_What the task asks_: The listing below must be repeated word for word, without its pictures.

= Beginning of Section =

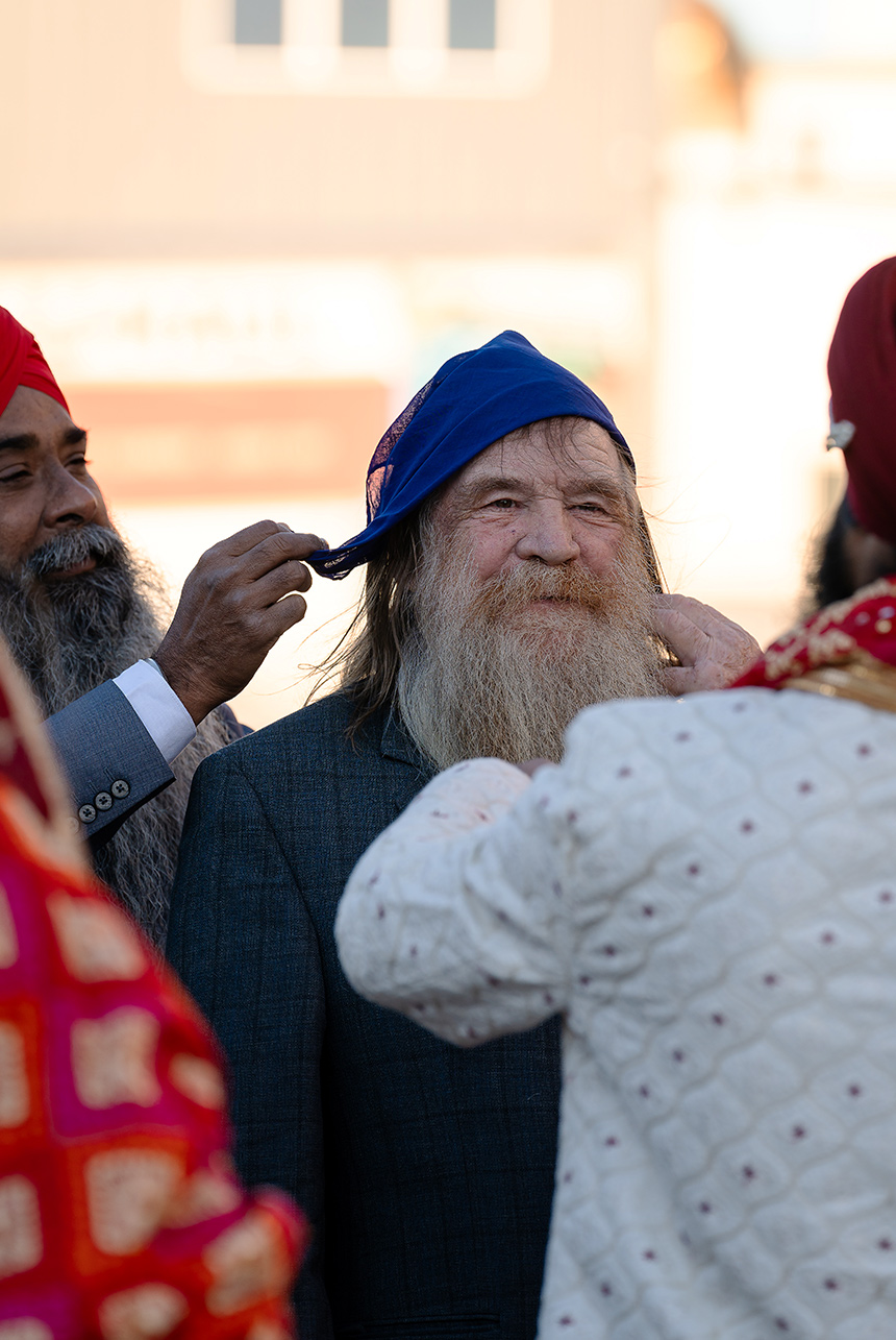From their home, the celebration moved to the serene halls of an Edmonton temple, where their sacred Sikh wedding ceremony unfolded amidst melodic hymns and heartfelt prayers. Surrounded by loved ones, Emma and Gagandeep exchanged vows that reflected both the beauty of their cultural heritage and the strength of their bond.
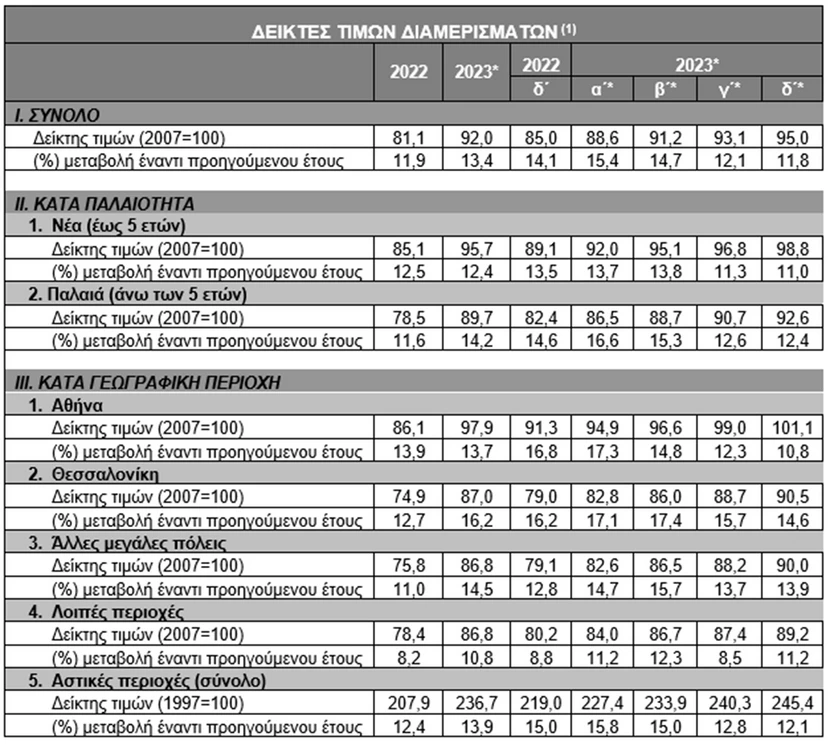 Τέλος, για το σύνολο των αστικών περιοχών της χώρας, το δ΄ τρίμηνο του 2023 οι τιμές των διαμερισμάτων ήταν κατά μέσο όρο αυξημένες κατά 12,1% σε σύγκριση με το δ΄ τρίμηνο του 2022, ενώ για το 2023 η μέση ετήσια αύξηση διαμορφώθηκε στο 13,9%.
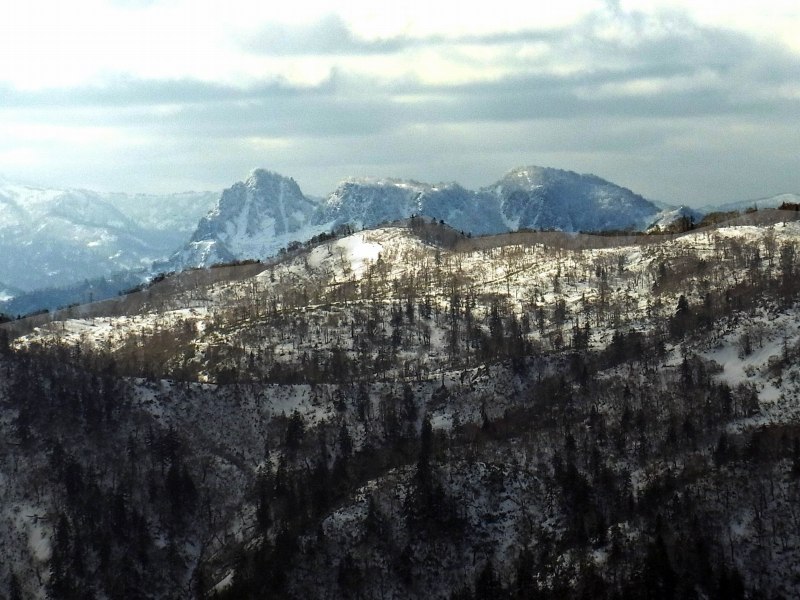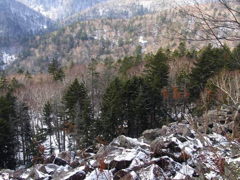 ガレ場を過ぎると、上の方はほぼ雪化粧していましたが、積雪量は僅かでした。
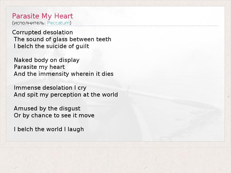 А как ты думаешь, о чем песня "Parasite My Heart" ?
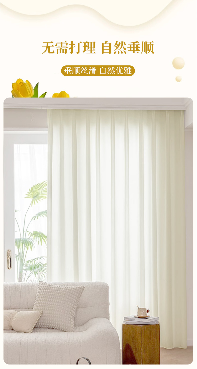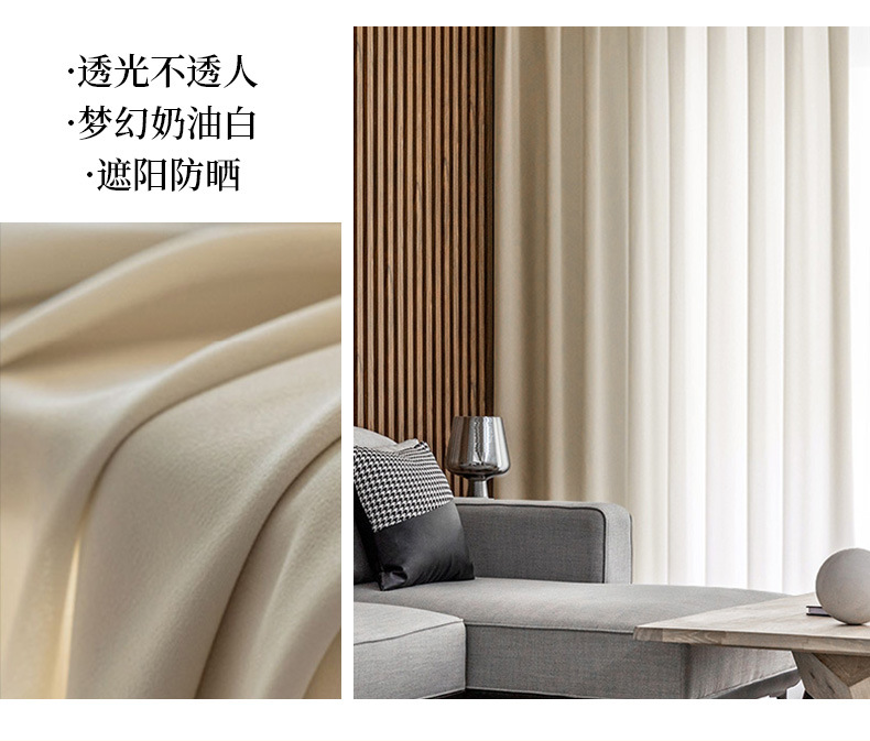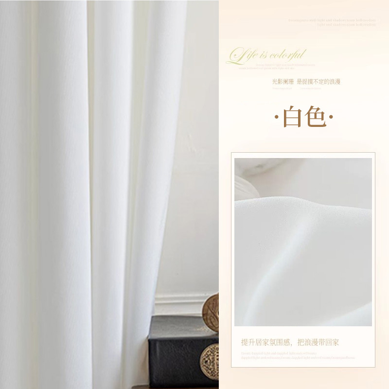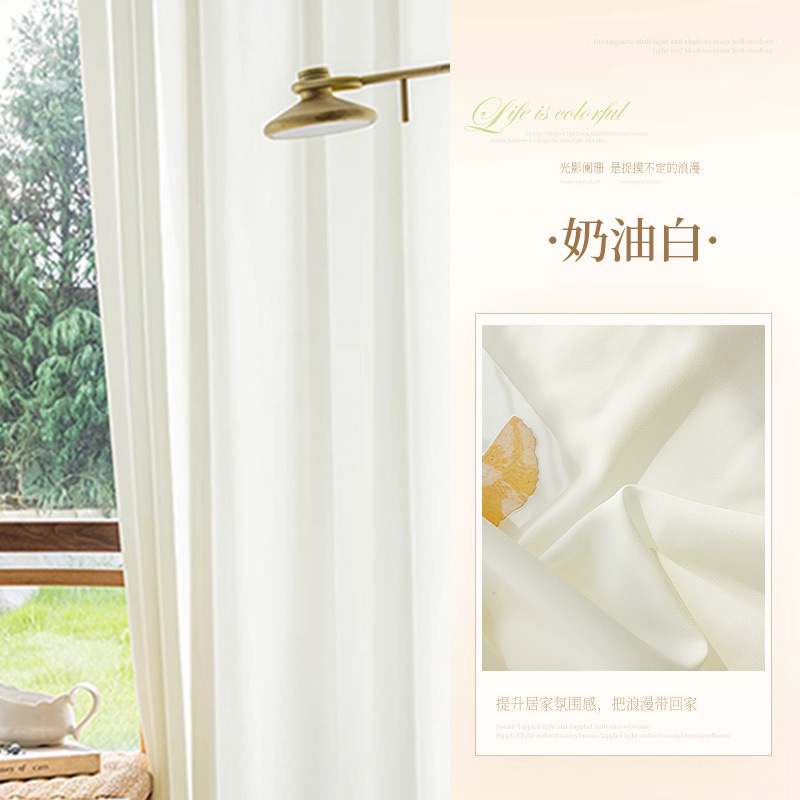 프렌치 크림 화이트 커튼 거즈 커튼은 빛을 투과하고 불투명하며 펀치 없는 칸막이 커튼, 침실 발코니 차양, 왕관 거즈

= End of Section =

_Written response_:
From their home, the celebration moved to the serene halls of an Edmonton temple, where their sacred Sikh wedding ceremony unfolded amidst melodic hymns and heartfelt prayers. Surrounded by loved ones, Emma and Gagandeep exchanged vows that reflected both the beauty of their cultural heritage and the strength of their bond.
 Τέλος, για το σύνολο των αστικών περιοχών της χώρας, το δ΄ τρίμηνο του 2023 οι τιμές των διαμερισμάτων ήταν κατά μέσο όρο αυξημένες κατά 12,1% σε σύγκριση με το δ΄ τρίμηνο του 2022, ενώ για το 2023 η μέση ετήσια αύξηση διαμορφώθηκε στο 13,9%.
 ガレ場を過ぎると、上の方はほぼ雪化粧していましたが、積雪量は僅かでした。
 А как ты думаешь, о чем песня "Parasite My Heart" ?
 프렌치 크림 화이트 커튼 거즈 커튼은 빛을 투과하고 불투명하며 펀치 없는 칸막이 커튼, 침실 발코니 차양, 왕관 거즈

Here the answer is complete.